Elsevier

Gait & Posture

Volume 49, September 2016, Pages 437-442
Gait & Posture

Full length article
Altered dynamic postural control during gait termination following concussion

https://doi.org/10.1016/j.gaitpost.2016.07.327Get rights and content

Highlights

  • Dynamic postural tasks can identify impairments post-concussion better than static.

  • Concussion acutely alters motor control strategy during planned GT.

  • COP displacements were altered during planned GT in concussed individuals.

  • COP velocities were altered during planned GT acutely post-concussion.

  • Planned GT is an effective tool for analyzing postural control post-concussion.

Abstract

Impaired postural control is a cardinal symptom following concussion. Planned gait termination (GT) is a non-novel, dynamic task that challenges postural control in individuals with neurological deficits, and it could be an impactful measure for identifying dynamic postural control impairments following concussion. Therefore, the purpose of this study was to assess acute post-concussion dynamic postural control utilizing a planned GT task. The concussion participants (n = 19, age: 19.0 ± 0.8 years, height: 177.0 ± 10.1 cm, weight: 83.3 ± 20.0 kg) completed five planned GT trials during preseason baseline testing (Baseline) and on Day 1 post-concussion (Day-1). Healthy control participants (n = 19, age: 20.4 ± 1.2 years, height: 173.8 ± 8.9 cm, weight: 80.2 ± 17.6 kg) completed the same trials a week apart. The dependent variables of interest included COP displacement and velocity in the mediolateral (ML) and anteroposterior (AP) axes during the three phases (braking, transitional, stabilization) of planned GT. There were significant interactions observed in both the braking ML and transitional AP displacement (p = 0.042, p = 0.030) and velocity (p = 0.027, p = 0.030). These results suggest a conservative post-concussion motor control strategy during planned GT. Further, these results support the use of dynamic postural control tasks as measures of post-concussion impairments.

Introduction

Impairments in postural control are a primary concussion symptom; thus, postural control testing is a recommended component of the multifaceted concussion assessment battery [1], [2]. Current concussion assessments include both clinical (Balance Error Scoring System (BESS)) and experimental (Sensory Organization Test (SOT)) protocols. The most commonly utilized clinical assessment tool, BESS, is limited by low interrater and intrarater reliability scores, test administration environment, and low sensitivity (0.34) acutely post-concussion [3], [4], [5], [6]. Despite its limitations, the BESS does have high content validity for identifying balance impairments following a concussion, and the modified version of the BESS, which is recommended by the 3rd edition of the Sport Concussion Assessment Tool, has demonstrated good reliability [7], [8], [9]. However, both the BESS and SOT are limited by substantial practice effects, potentially because these are novel tasks (e.g., standing barefoot on a foam surface with the eyes closed), and repeat administration has routinely identified improved performance [10], [11]. Further, the BESS and SOT are static assessments that rely on feedback mechanisms to maintain upright posture on an unstable surface and do not evaluate transitional, dynamic movements, which are likely more challenging to the postural control systems [12]. These limitations may explain the surprising finding that post-concussion static postural control often recovers prior to both symptom resolution and cognitive deficits [6]. Therefore, the utilization of common dynamic motor activities of daily living (ADL), which are unlikely to be subjected to a practice effect, may be more appropriate for identifying post-concussion impairments [13].

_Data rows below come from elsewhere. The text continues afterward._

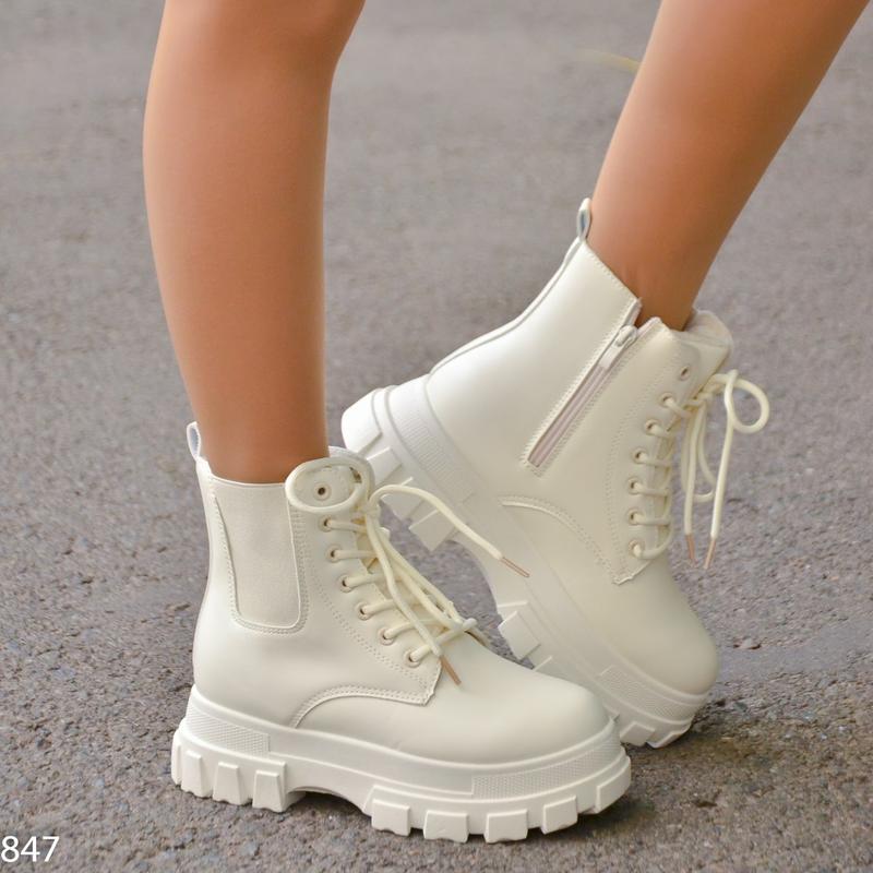 Код 847 Жіночі черевики Колір - Світлий Біж Матеріал верху: штучна шкіра Матеріал підкладки: штучне хутро підошва 5см Висота 13см Виробник: Китай 36-23см 37-23 5см 38-24 см 39-25 см 40-25,5 см 41-26 см на примірці устілка нарізана не правильно не орієнтир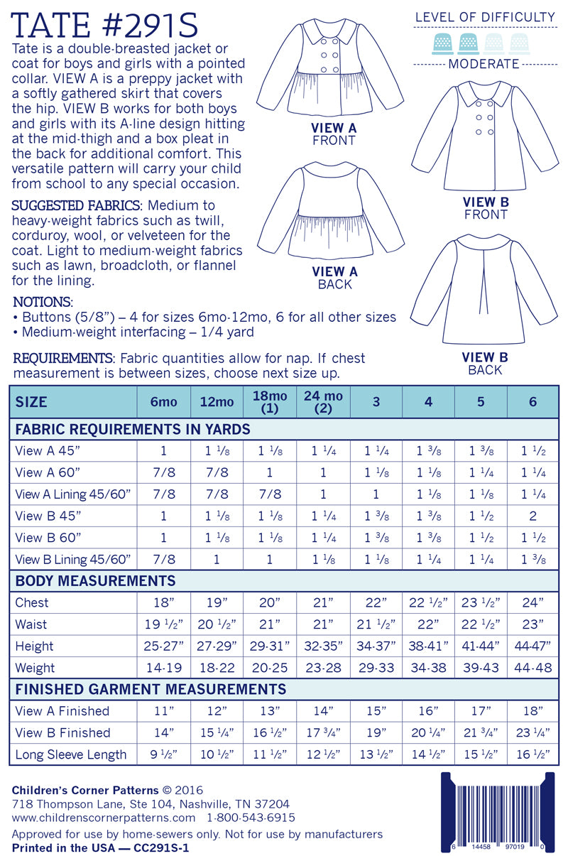 Tate is a double-breasted jacket or coat for boys and girls with a pointed collar. View A is a preppy jacket with a softly-gathered skirt that covers the hip. View B works for both boys and girls with its A-line design hitting at the mid-thigh and a box pleat in the back for additional comfort. This versatile pattern will carry your child from school to any special occasion.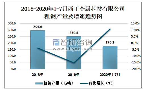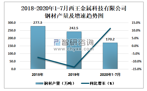 根据冶金工业信息中心数据显示:2020年1-7月西王金属科技有限公司钢材产量为170.2万吨,同比增长11.4%;粗钢产量为176.2万吨,同比增长10.7%;生铁产量为152.3万吨,同比增长6.8%。
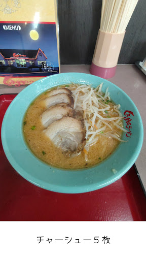 【具】 チャーシュー5枚は厚さは5ミリ程、味はシッカリ入り、噛みごたえがあるタイプで上質 ・モヤシ、ニラ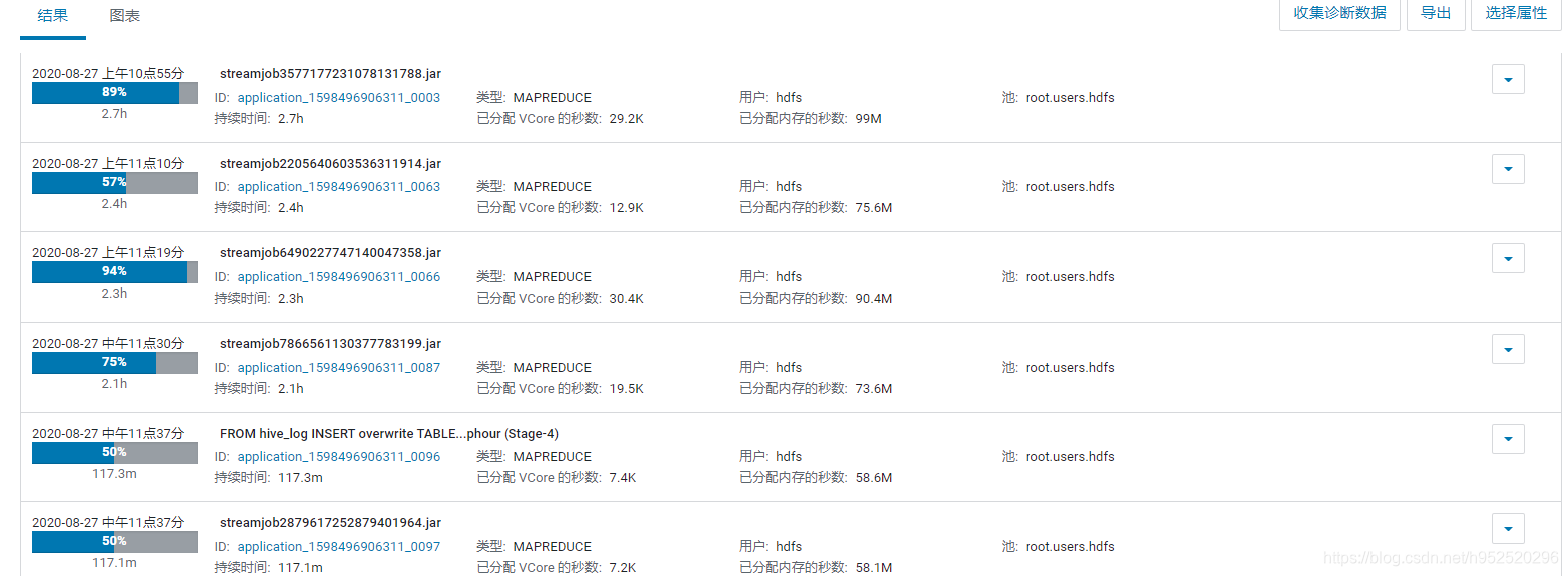 查看详细情形 发现map结束之后 reduce 几乎没有进行 全部卡住 集群里其他的任务没有什么问题 只有stream 任务会出现这种情况

An acute post-concussion conservative gait strategy, consisting of reduced step velocity, step length, center of pressure (COP) and center of mass (COM) separation, as well as increased double support time and frontal plane COM sway, has been consistently identified [14], [15]. These deficits appear to persist for up to two months post-injury, suggesting impairments in dynamic postural control persist well beyond BESS recovery [16]. Gait is an innate, or non-novel, dynamic task, and the parameters are not generally susceptible to the practice effects in otherwise healthy young adults [17]. Gait performance is highly consistent in healthy college-aged recreational and student-athletes [18]. Specifically, changes in gait parameters (e.g., velocity, stride length) are most pronounced up to age 10, after which there are minimal changes in gait pattern [17]. Unlike quiet standing, unobstructed gait is less reliant on sensory feedback as both supraspinal planning (motor cortex and pyramidal tract) and central pattern generators are largely responsible for feedforward control [19], [20]. Further, transitional movements, such as initiating or terminating gait, are likely more challenging to dynamic postural control systems than gait, which likely increases the neurological resources required to safely complete the task [21].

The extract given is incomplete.